Back to ProjectsProject

Bloomsbury Network Mapper

Fundraising intelligence from public charity filings.

Next.jsSupabaseClaude AIpgvectorPythonVolunteer

The problem

Charity fundraising runs on introductions. You know someone who knows someone who cares about youth sport in London. But mapping those connections by hand is slow, and the data is scattered across public filings that nobody has time to read. The Charity Commission publishes annual reports, trustee lists, and financial statements for every registered charity in England and Wales. Somewhere in those documents are the people most likely to support Bloomsbury Football. The question is which ones, and why.

What I built

An intelligence tool. Not outreach automation, not a CRM -- pure discovery and qualification. The system ingests public Charity Commission filings (about 20,000 documents covering nearly 5,000 charity registries from 2019 to 2025), extracts entities (people, organisations, trusts, companies), resolves identities across documents, builds a relationship graph, and then runs path-template scoring to find candidates who sit close to Bloomsbury's existing network. The output is a ranked list of candidates with explainable evidence chains.
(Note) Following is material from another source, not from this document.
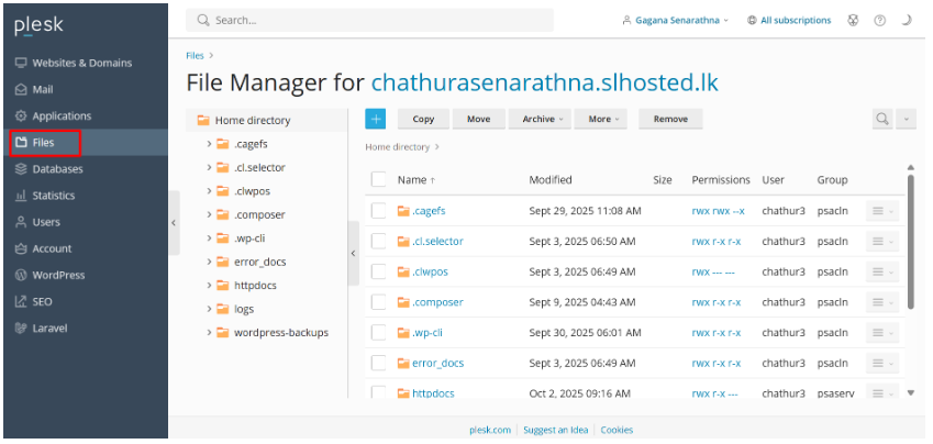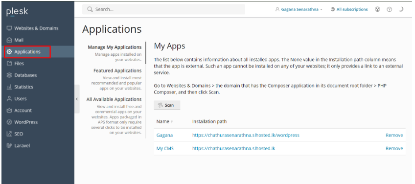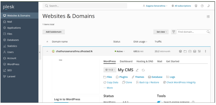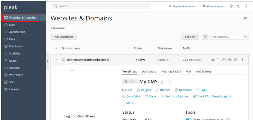 • The Plesk dashboard lets you manage your websites, emails, databases, and applications from one central place.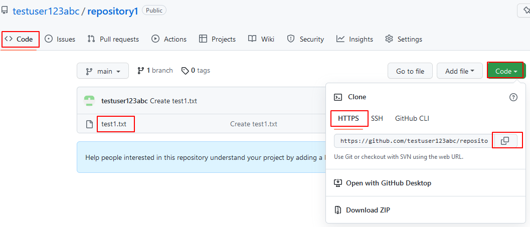 repository1はpublicで、test1.txtファイルがひとつあります。

Every claim traces back to a specific source document, extraction run, and confidence score.

The pipeline

Raw documents enter an audit stage where they are catalogued and validated. An extraction layer powered by Claude pulls structured data from unstructured text: names, roles, affiliations, financial figures. A validation step quarantines low-confidence extractions. Entity resolution clusters mentions that refer to the same real-world person or organisation -- reversible, so human corrections propagate cleanly. The graph construction phase builds relationship edges between resolved entities. Then the discovery engine runs path templates: 'this person is a trustee of a charity that co-funds programmes with an organisation connected to Bloomsbury.' Each path gets scored on two axes: how valuable the candidate looks (giving history, network position, trust affiliations) and how trustworthy the evidence is (source tier, extraction confidence, human validation).

Why path templates

I could have used PageRank or a generic graph centrality measure and called it a day. The problem is that nobody at Bloomsbury would trust a score they cannot explain. Path templates produce results like: 'Jane Smith is a trustee of the Wellspring Trust, which co-funds three programmes with London Youth, which Bloomsbury has partnered with since 2021.' That is a sentence a fundraiser can act on. An opaque number is not. The system recommends; humans decide. Every candidate goes through a review queue with structured decision codes before anything happens.

Current state

Full application scaffold deployed. Next.js frontend, Supabase backend with pgvector for embeddings, edge functions for pipeline phases. The 72-page product requirements document and 13-epic backlog are complete. Corpus of 20,444 filing documents loaded. Active build underway on the extraction and entity resolution layers.